▶ What is being asked: Starting with the line with "동성(東城), 중성(中城), 서성(西城), 오산(午山), 성산(城山), 성호(城湖)의" in the entries below and going on through the line with "This image depicts", output every line exactly and nothing more. No pictures.

▶ Entries shown:
::::::::

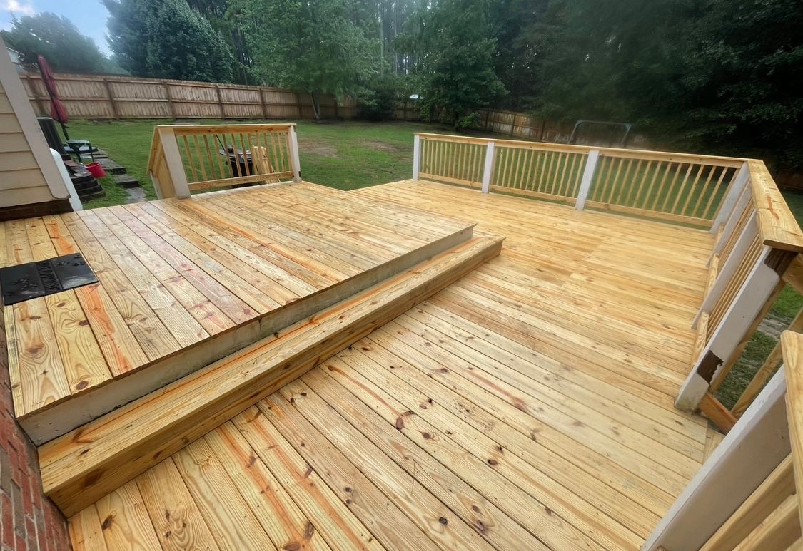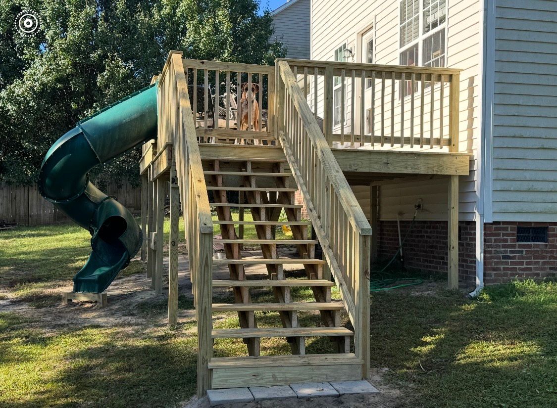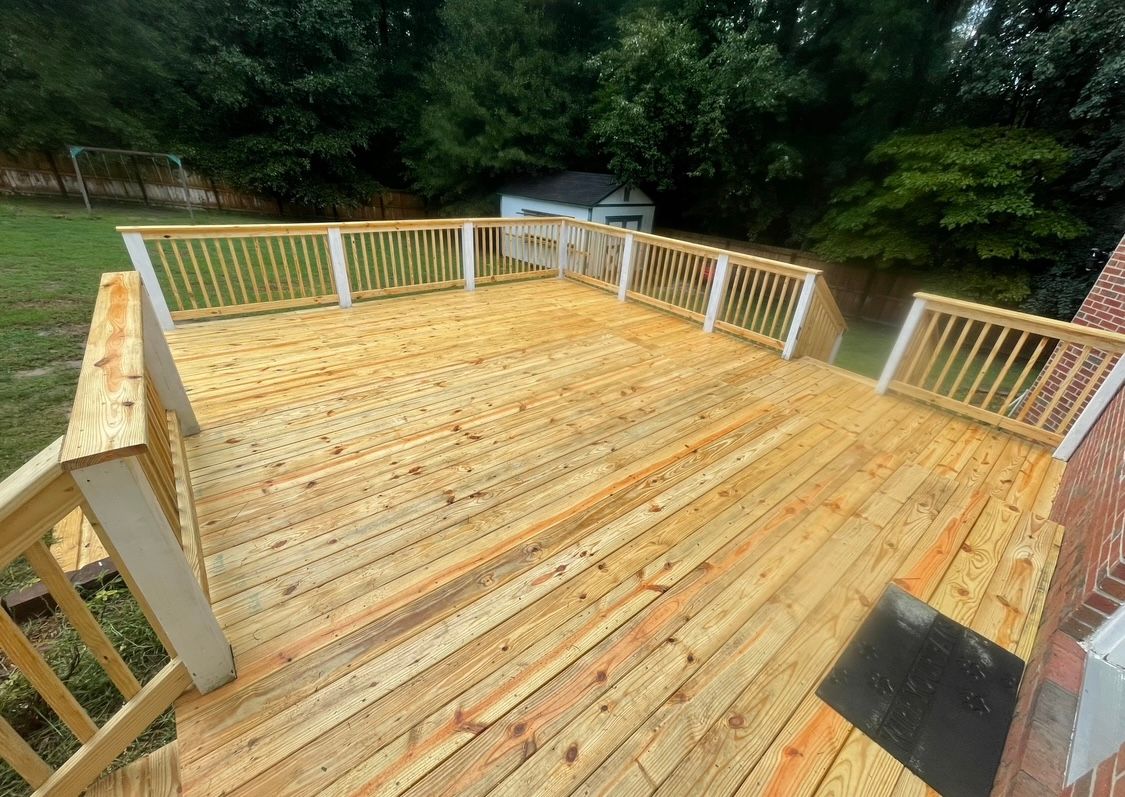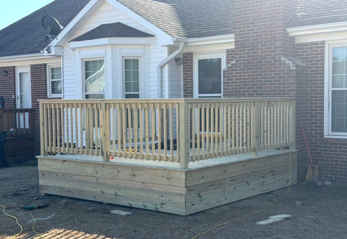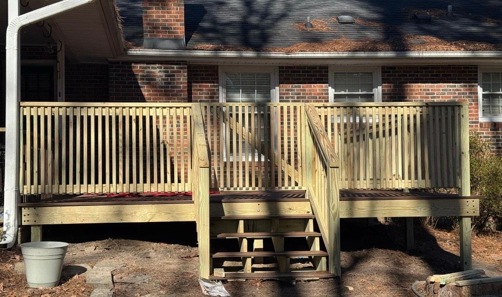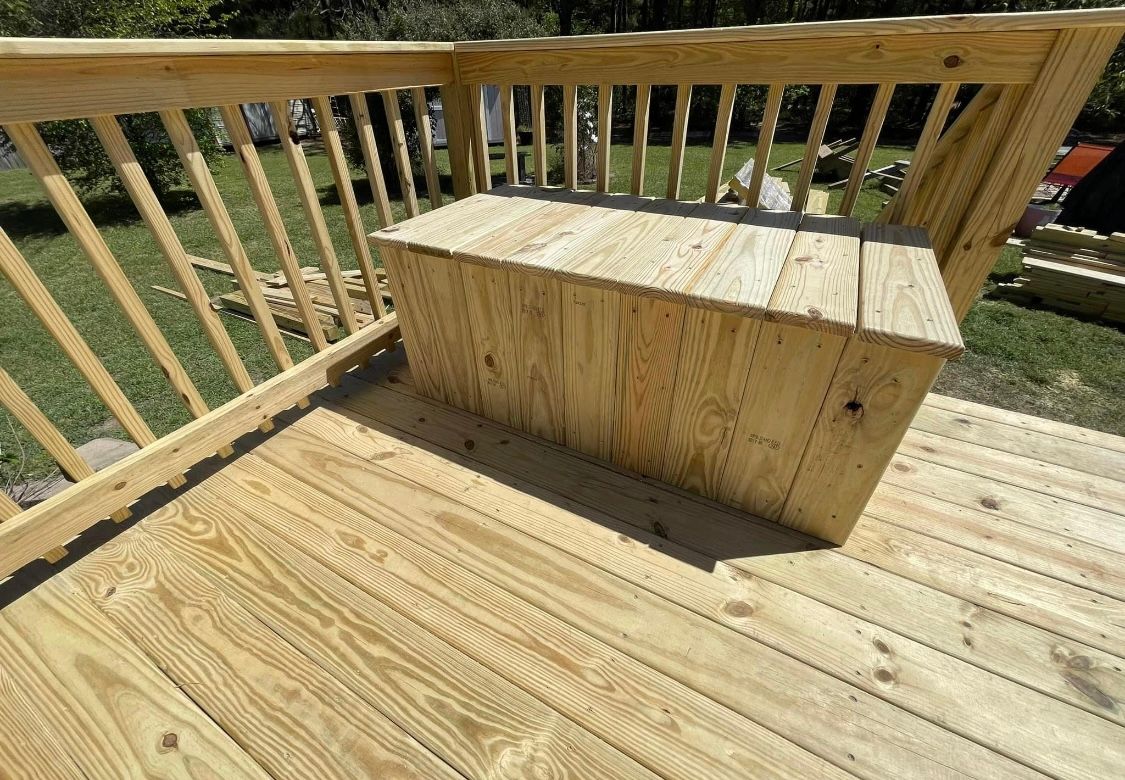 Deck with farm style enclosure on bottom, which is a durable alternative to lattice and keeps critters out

::::::::

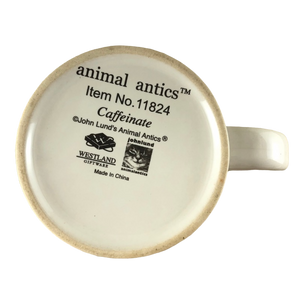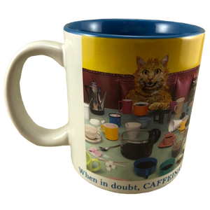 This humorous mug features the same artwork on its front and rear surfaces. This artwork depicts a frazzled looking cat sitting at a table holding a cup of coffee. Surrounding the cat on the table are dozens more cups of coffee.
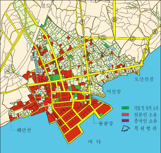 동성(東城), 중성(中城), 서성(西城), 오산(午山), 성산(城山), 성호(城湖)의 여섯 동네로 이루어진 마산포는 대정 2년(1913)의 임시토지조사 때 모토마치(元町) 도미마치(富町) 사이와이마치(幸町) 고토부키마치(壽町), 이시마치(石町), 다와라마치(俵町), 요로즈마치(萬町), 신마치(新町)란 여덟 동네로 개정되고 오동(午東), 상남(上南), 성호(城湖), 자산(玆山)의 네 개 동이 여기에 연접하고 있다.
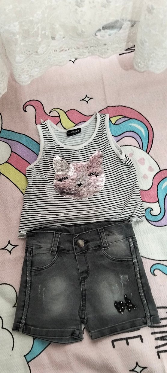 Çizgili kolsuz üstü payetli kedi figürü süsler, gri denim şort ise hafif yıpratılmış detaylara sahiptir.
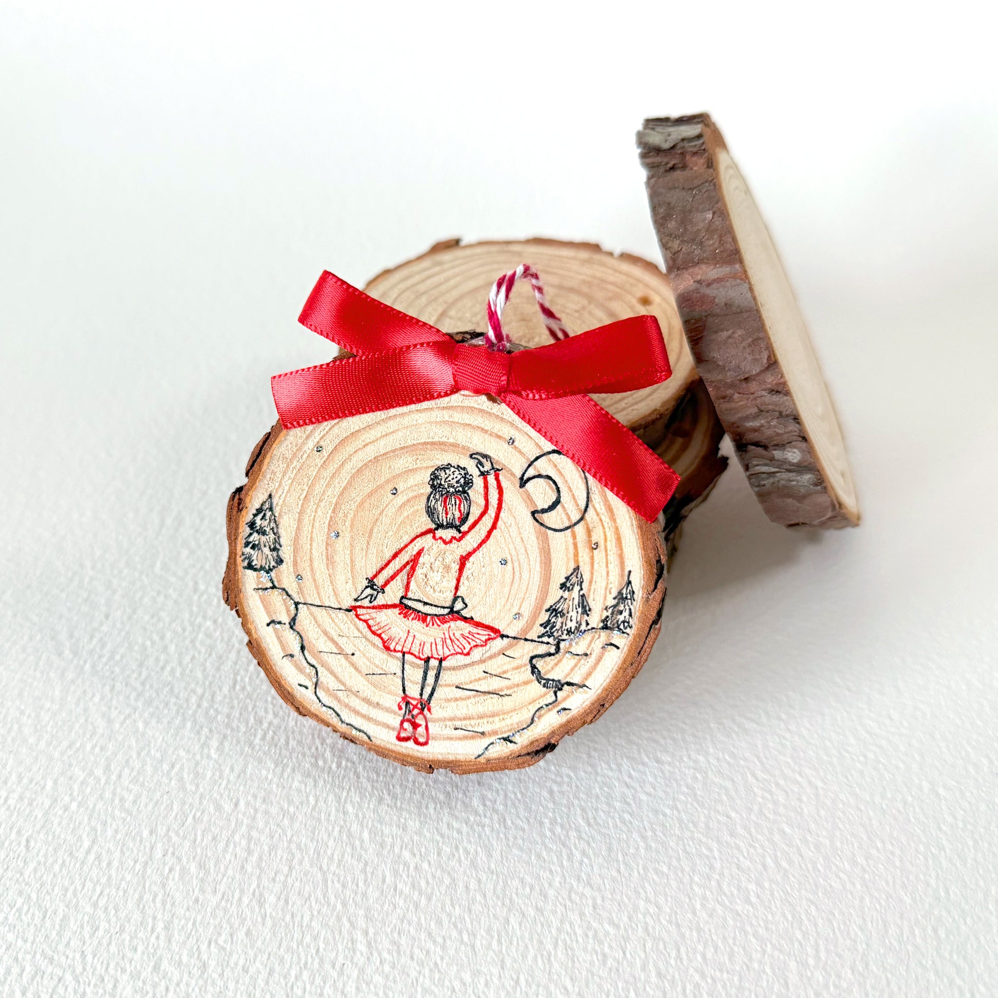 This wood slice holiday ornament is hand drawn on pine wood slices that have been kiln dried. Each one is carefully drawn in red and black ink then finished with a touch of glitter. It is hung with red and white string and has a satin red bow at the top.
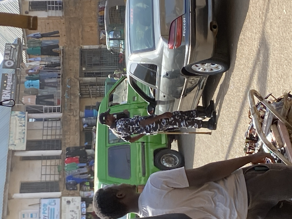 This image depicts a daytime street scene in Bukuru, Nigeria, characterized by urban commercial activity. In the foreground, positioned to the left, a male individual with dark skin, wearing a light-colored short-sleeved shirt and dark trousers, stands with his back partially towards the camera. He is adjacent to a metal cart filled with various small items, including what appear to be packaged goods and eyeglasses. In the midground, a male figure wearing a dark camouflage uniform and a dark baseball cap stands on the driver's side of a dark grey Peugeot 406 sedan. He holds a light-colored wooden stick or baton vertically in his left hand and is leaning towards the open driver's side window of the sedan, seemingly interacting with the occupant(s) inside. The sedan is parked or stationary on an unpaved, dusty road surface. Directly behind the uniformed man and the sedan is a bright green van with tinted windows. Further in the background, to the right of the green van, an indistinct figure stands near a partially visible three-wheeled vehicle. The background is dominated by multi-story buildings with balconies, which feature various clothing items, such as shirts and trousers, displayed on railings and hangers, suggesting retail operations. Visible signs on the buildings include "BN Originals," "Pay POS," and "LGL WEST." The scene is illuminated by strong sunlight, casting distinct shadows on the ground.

::::::::

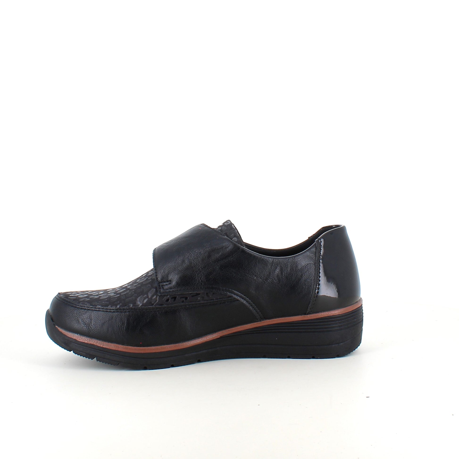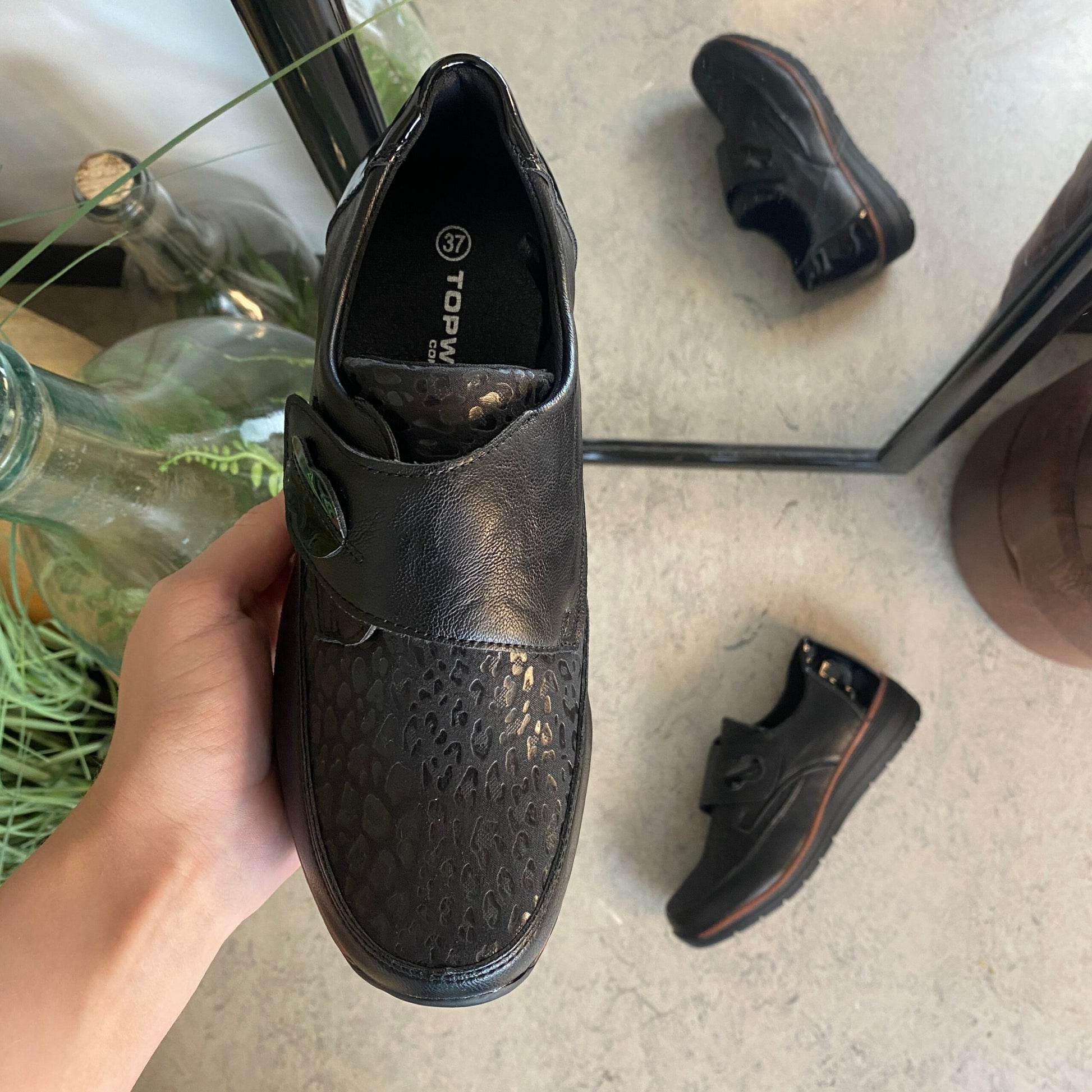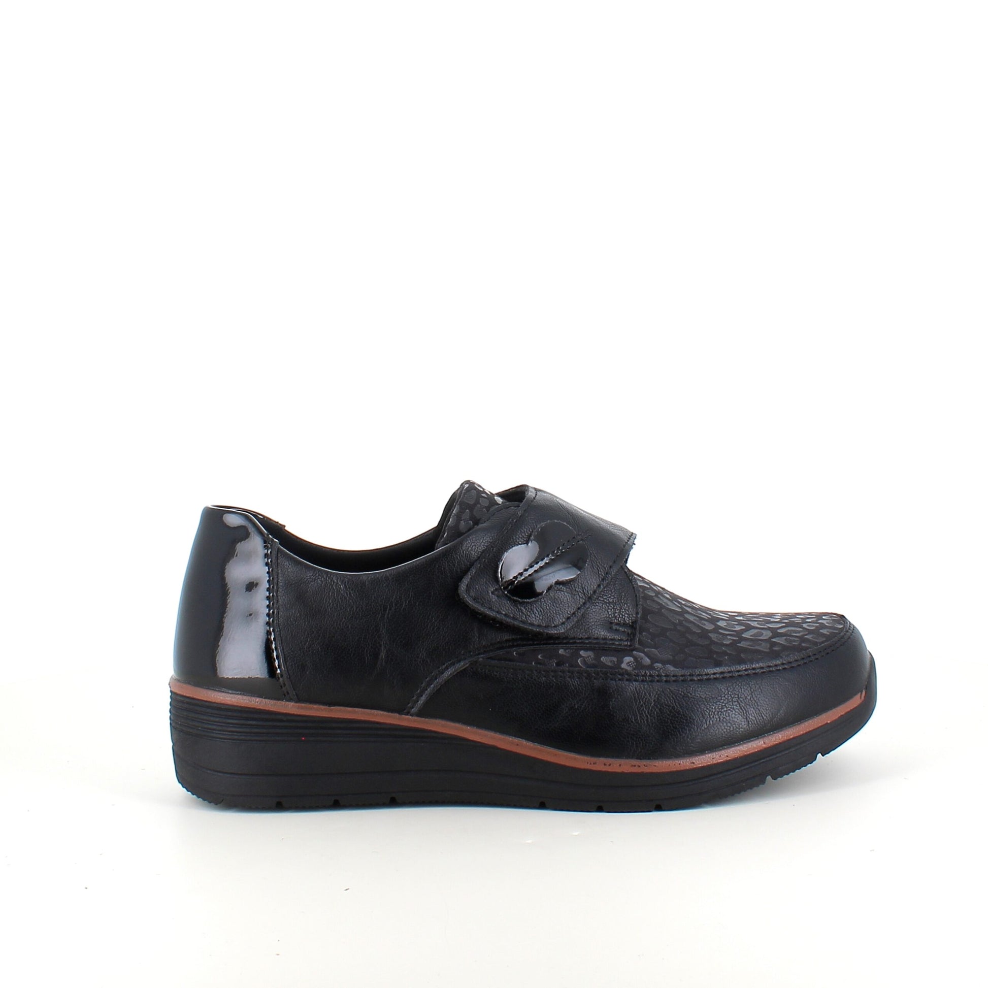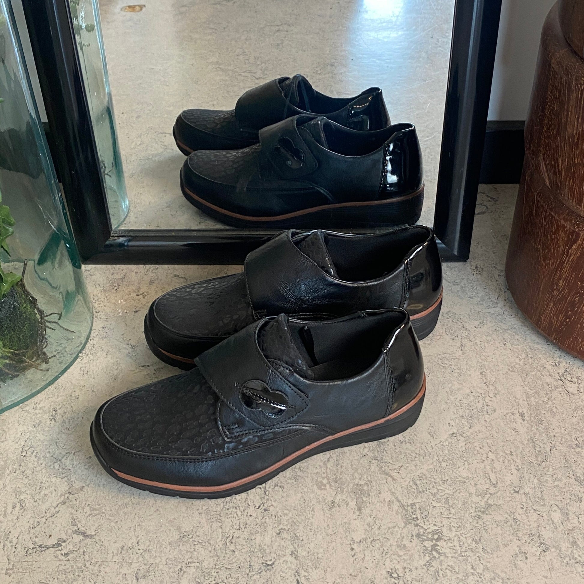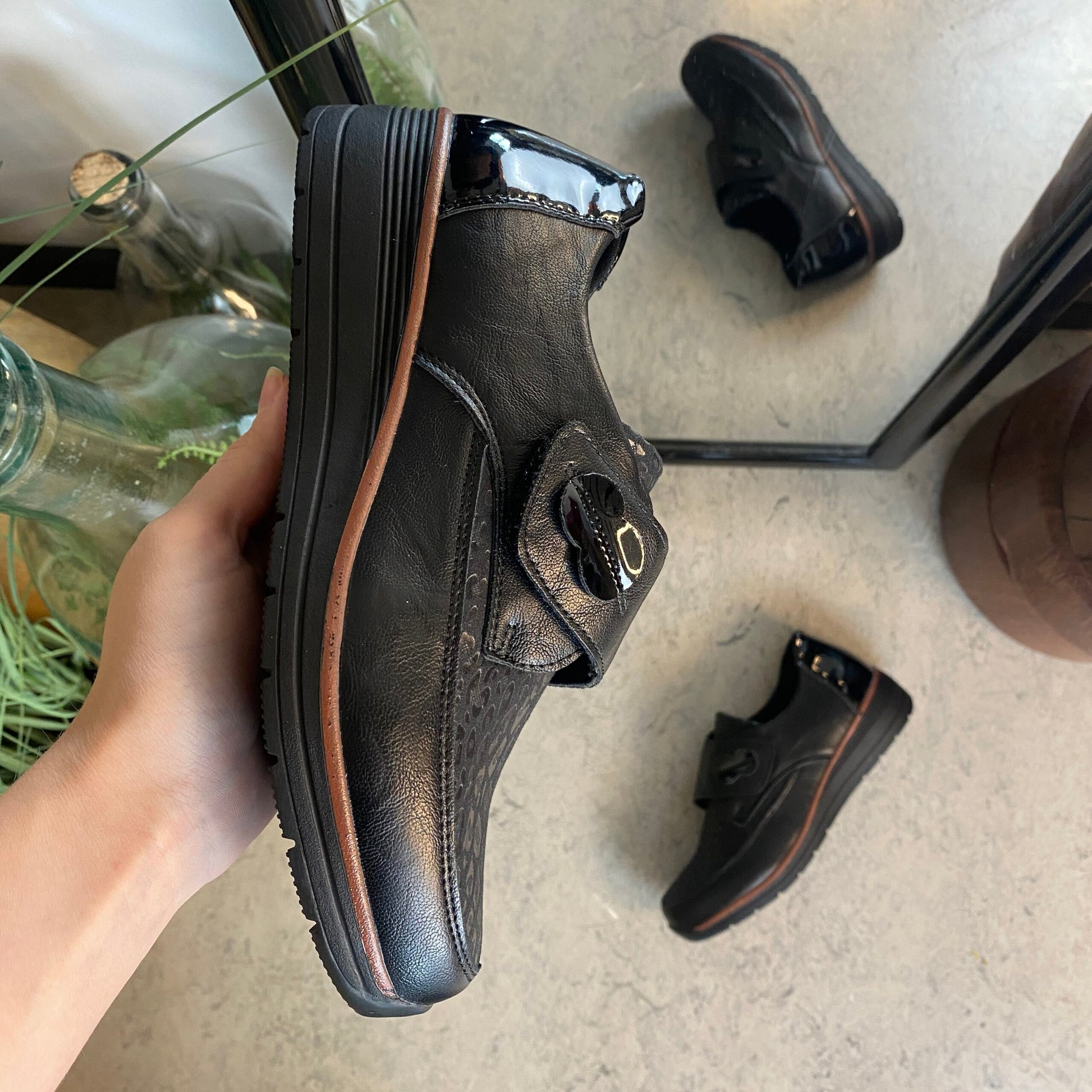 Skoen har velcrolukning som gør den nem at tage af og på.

::::::::

▶ Output of the exercise:
 동성(東城), 중성(中城), 서성(西城), 오산(午山), 성산(城山), 성호(城湖)의 여섯 동네로 이루어진 마산포는 대정 2년(1913)의 임시토지조사 때 모토마치(元町) 도미마치(富町) 사이와이마치(幸町) 고토부키마치(壽町), 이시마치(石町), 다와라마치(俵町), 요로즈마치(萬町), 신마치(新町)란 여덟 동네로 개정되고 오동(午東), 상남(上南), 성호(城湖), 자산(玆山)의 네 개 동이 여기에 연접하고 있다.
 Çizgili kolsuz üstü payetli kedi figürü süsler, gri denim şort ise hafif yıpratılmış detaylara sahiptir.
 This wood slice holiday ornament is hand drawn on pine wood slices that have been kiln dried. Each one is carefully drawn in red and black ink then finished with a touch of glitter. It is hung with red and white string and has a satin red bow at the top.
 This image depicts a daytime street scene in Bukuru, Nigeria, characterized by urban commercial activity. In the foreground, positioned to the left, a male individual with dark skin, wearing a light-colored short-sleeved shirt and dark trousers, stands with his back partially towards the camera. He is adjacent to a metal cart filled with various small items, including what appear to be packaged goods and eyeglasses. In the midground, a male figure wearing a dark camouflage uniform and a dark baseball cap stands on the driver's side of a dark grey Peugeot 406 sedan. He holds a light-colored wooden stick or baton vertically in his left hand and is leaning towards the open driver's side window of the sedan, seemingly interacting with the occupant(s) inside. The sedan is parked or stationary on an unpaved, dusty road surface. Directly behind the uniformed man and the sedan is a bright green van with tinted windows. Further in the background, to the right of the green van, an indistinct figure stands near a partially visible three-wheeled vehicle. The background is dominated by multi-story buildings with balconies, which feature various clothing items, such as shirts and trousers, displayed on railings and hangers, suggesting retail operations. Visible signs on the buildings include "BN Originals," "Pay POS," and "LGL WEST." The scene is illuminated by strong sunlight, casting distinct shadows on the ground.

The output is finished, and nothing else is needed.